All'indomani del 26 febbraio scorso, dal giorno della vittoria di Elly Schlein alle primarie del Pd, alcuni osservatori hanno progressivamente paventato il rischio di una deriva radicale, addirittura massimalista, con la progressiva marginalizzazione delle culture politiche fondative. Del resto, per la prima volta nella ormai non brevissima storia del Partito democratico, fondato il 14 ottobre del 2007, il voto delle primarie ha ribaltato l’esito della consultazione fra gli iscritti, consentendo ad Elly Schlein di prevalere nella corsa alla segreteria nazionale sullo sfidante Stefano Bonaccini, il favorito della vigilia. Più di un milione di persone in tutta Italia si sono recate ai gazebo esprimendo la loro preferenza.
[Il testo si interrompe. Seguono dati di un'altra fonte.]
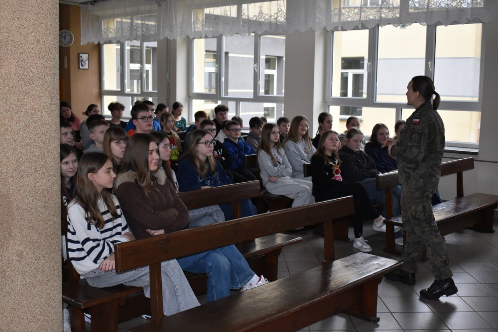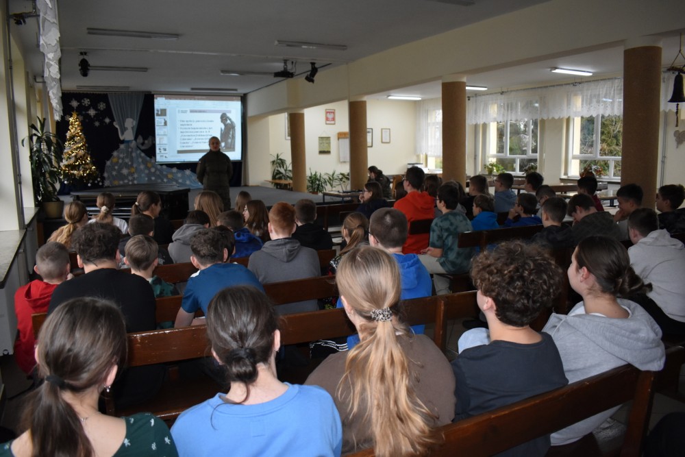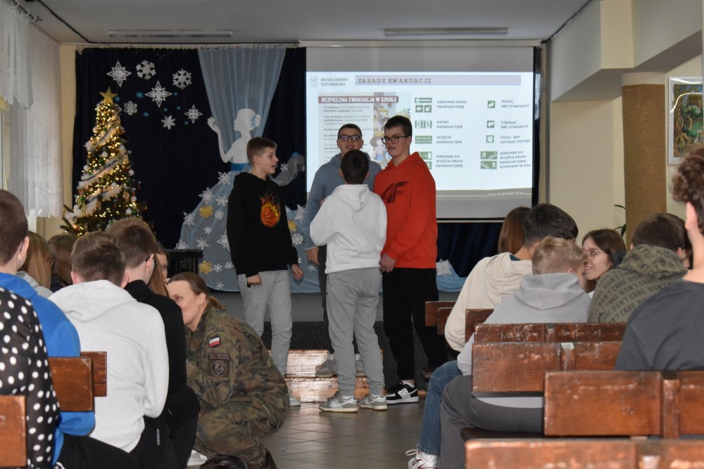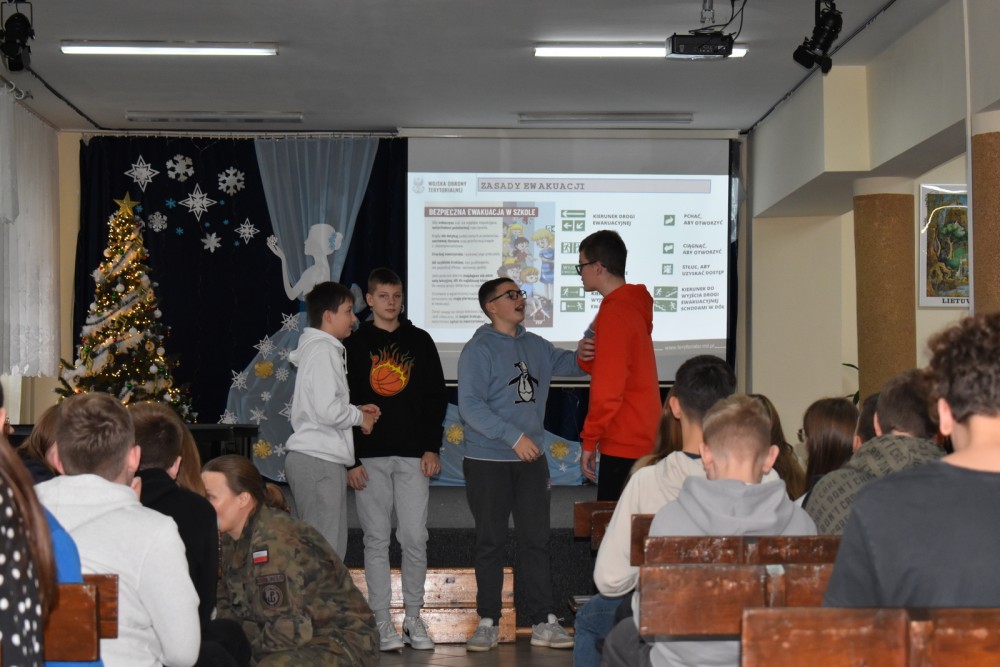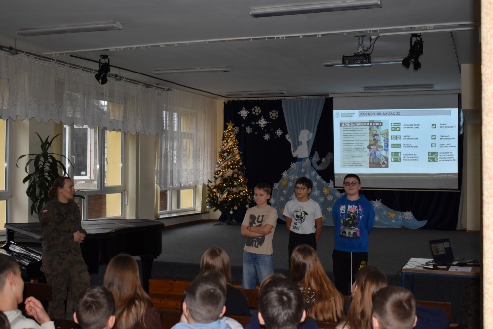 Uczniowie poznali sposoby wzywania i udzielania pierwszej pomocy, zasady alarmowania o grożącym niebezpieczeÅ„stwie i jak przeprowadzić ewakuacjÄ™. Na spotkaniu omówiono nie tylko zasady zachowania w codziennych sytuacjach, ale również sposoby reagowania w czasie zagrożenia i w sytuacjach kryzysowych.

E nei votanti ha prevalso indiscutibilmente la volontà di lanciare un segnale inequivocabile di discontinuità, soprattutto rispetto al deludente risultato delle elezioni politiche.

Non a caso, Elly Schlein ha saputo catalizzare rispetto al presidente della Regione Emilia Romagna, l’attenzione ed il consenso degli elettori non aderenti e di coloro che hanno dichiarato di posizionarsi a sinistra nel panorama politico, apparendo moderna e contemporanea. Con riferimento alle alleanze è risultata abbastanza evidente la propensione di chi ha espresso l’appoggio alla candidatura vincente per la ripresa di un rapporto con il Movimento 5 stelle, piuttosto che con i centristi. E da fine febbraio, gli istituti demoscopici registrano un progressivo aumento nelle percentuali di voto per il Pd, posizionandolo stabilmente al di sopra del 20 per cento. Si percepisce abbastanza distintamente una ripresa di partecipazione ed entusiasmo nella fase post-congressuale.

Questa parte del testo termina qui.